- Study material:
........
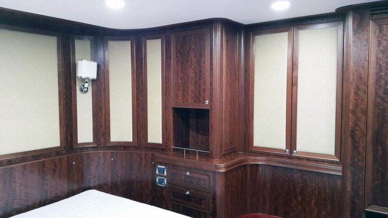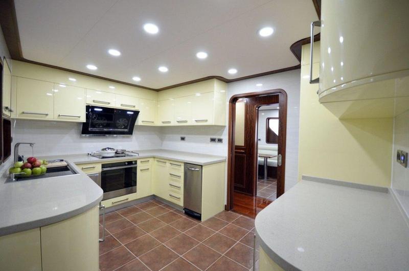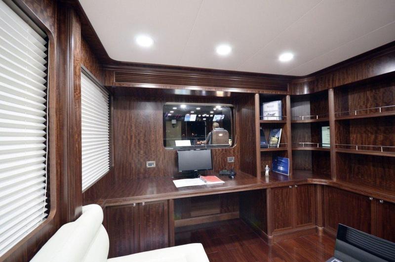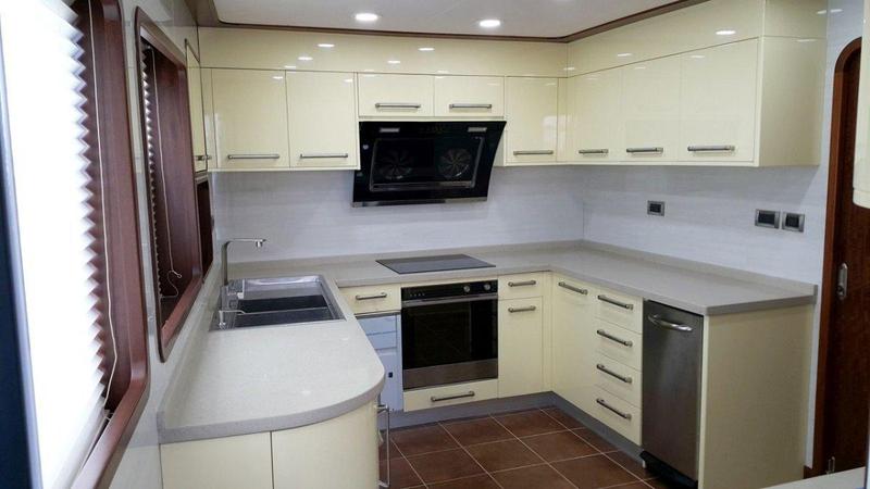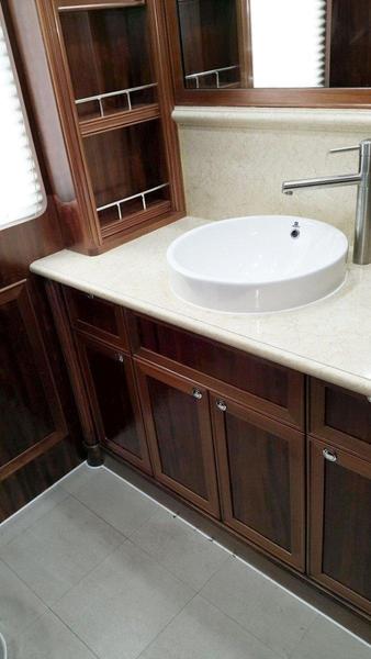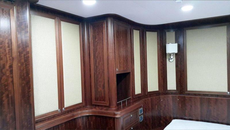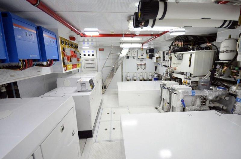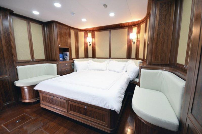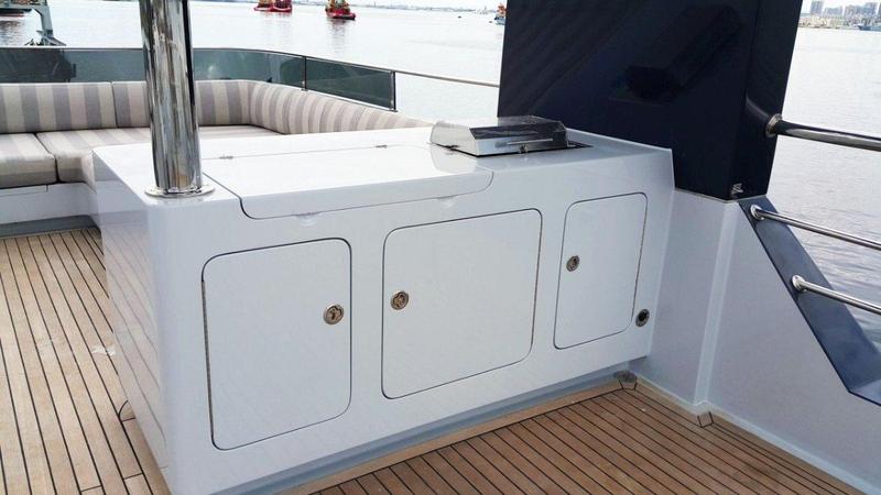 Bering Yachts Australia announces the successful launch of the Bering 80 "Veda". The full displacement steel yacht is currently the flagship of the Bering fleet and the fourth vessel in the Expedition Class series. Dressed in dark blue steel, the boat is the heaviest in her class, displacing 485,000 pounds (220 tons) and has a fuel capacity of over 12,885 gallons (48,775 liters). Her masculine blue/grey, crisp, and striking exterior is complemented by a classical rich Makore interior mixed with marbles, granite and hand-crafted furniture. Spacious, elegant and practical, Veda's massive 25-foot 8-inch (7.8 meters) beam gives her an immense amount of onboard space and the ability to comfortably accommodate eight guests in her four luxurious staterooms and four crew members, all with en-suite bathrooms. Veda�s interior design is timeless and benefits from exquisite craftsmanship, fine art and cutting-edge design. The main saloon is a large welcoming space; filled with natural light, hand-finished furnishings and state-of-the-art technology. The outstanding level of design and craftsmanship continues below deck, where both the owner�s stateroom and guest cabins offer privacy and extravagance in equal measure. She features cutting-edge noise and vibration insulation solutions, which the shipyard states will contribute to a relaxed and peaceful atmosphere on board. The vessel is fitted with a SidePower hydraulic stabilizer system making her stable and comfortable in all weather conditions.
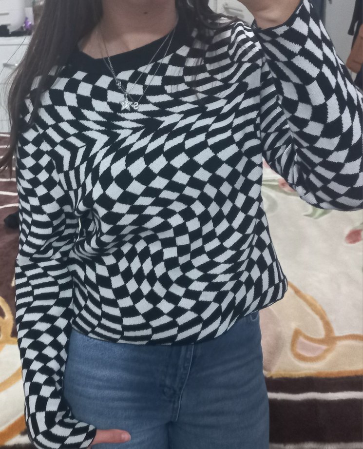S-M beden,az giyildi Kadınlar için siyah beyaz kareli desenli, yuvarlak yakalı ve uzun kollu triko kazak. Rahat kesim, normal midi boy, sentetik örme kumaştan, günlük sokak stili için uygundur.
........
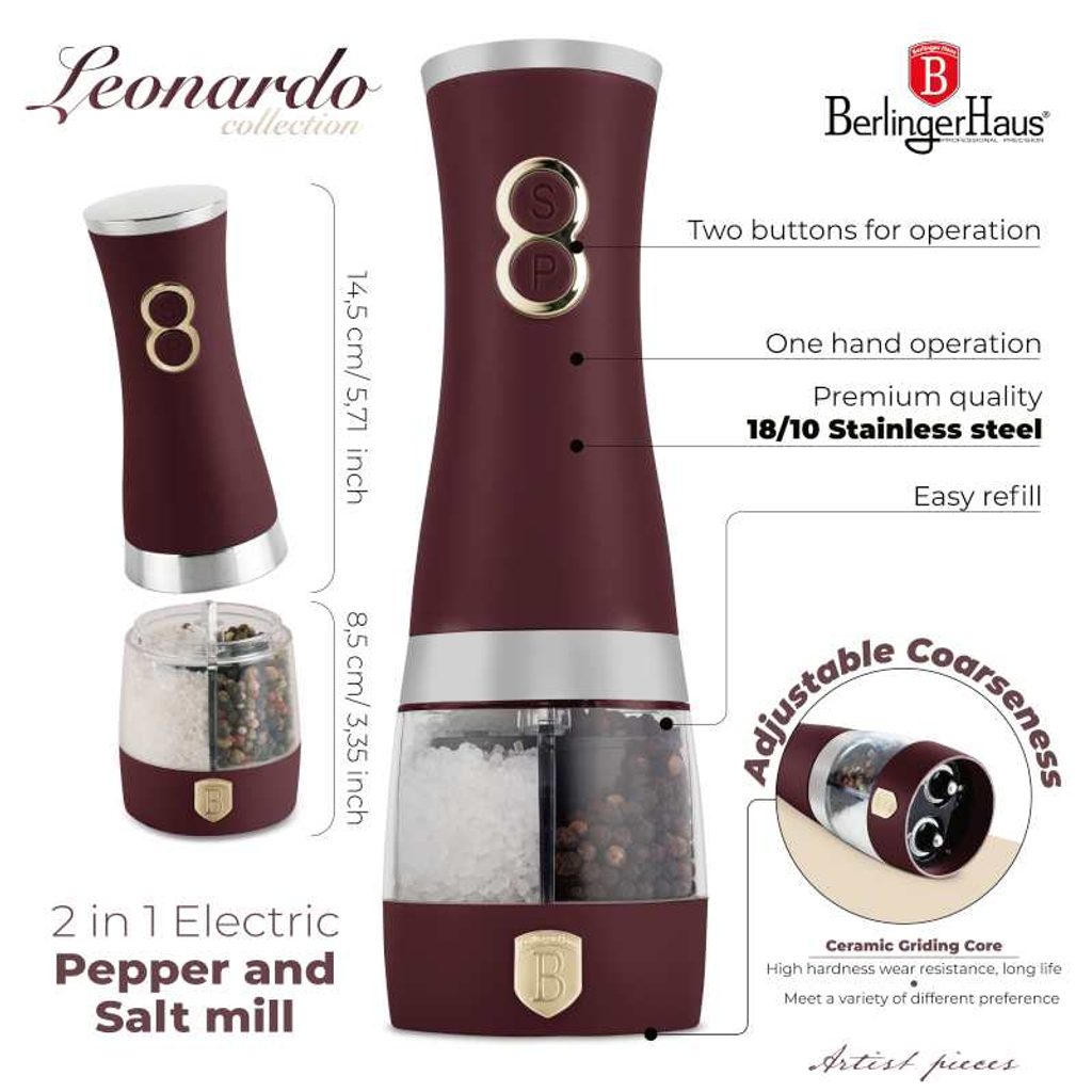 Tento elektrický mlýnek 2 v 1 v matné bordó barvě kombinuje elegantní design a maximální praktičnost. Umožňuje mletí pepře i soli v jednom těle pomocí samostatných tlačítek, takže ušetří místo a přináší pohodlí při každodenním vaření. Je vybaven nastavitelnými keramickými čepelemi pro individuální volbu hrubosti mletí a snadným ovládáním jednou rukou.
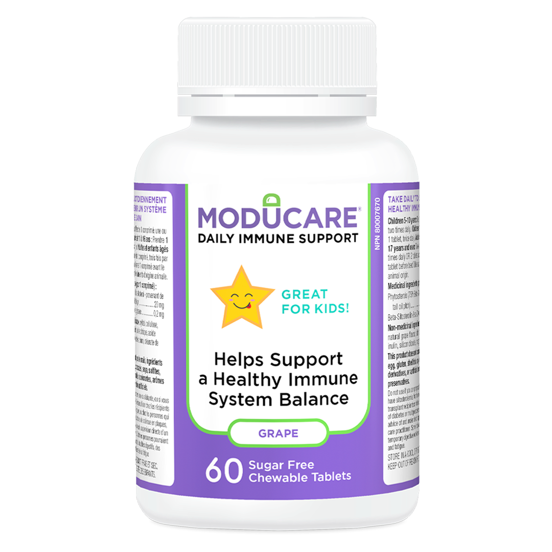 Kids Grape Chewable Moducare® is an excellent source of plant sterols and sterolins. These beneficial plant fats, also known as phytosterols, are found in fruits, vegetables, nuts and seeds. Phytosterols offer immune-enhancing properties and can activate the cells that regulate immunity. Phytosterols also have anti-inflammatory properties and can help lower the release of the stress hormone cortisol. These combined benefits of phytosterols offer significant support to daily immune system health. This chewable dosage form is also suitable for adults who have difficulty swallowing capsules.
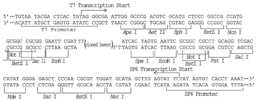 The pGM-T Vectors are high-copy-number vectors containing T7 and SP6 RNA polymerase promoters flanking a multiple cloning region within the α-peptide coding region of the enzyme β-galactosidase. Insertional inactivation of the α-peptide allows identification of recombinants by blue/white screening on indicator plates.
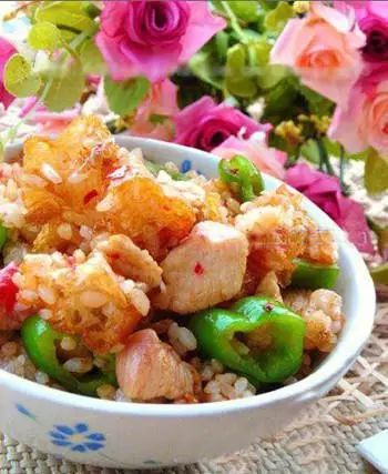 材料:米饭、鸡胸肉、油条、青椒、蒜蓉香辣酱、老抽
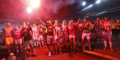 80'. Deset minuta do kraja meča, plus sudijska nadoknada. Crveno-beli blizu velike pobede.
........
Lines from the one above containing "Tento elektrický mlýnek" down to the one containing "80'. Deset minuta" should be transcribed exactly, with both ends kept and no pictures.

 Tento elektrický mlýnek 2 v 1 v matné bordó barvě kombinuje elegantní design a maximální praktičnost. Umožňuje mletí pepře i soli v jednom těle pomocí samostatných tlačítek, takže ušetří místo a přináší pohodlí při každodenním vaření. Je vybaven nastavitelnými keramickými čepelemi pro individuální volbu hrubosti mletí a snadným ovládáním jednou rukou.
 Kids Grape Chewable Moducare® is an excellent source of plant sterols and sterolins. These beneficial plant fats, also known as phytosterols, are found in fruits, vegetables, nuts and seeds. Phytosterols offer immune-enhancing properties and can activate the cells that regulate immunity. Phytosterols also have anti-inflammatory properties and can help lower the release of the stress hormone cortisol. These combined benefits of phytosterols offer significant support to daily immune system health. This chewable dosage form is also suitable for adults who have difficulty swallowing capsules.
 The pGM-T Vectors are high-copy-number vectors containing T7 and SP6 RNA polymerase promoters flanking a multiple cloning region within the α-peptide coding region of the enzyme β-galactosidase. Insertional inactivation of the α-peptide allows identification of recombinants by blue/white screening on indicator plates.
 材料:米饭、鸡胸肉、油条、青椒、蒜蓉香辣酱、老抽
 80'. Deset minuta do kraja meča, plus sudijska nadoknada. Crveno-beli blizu velike pobede.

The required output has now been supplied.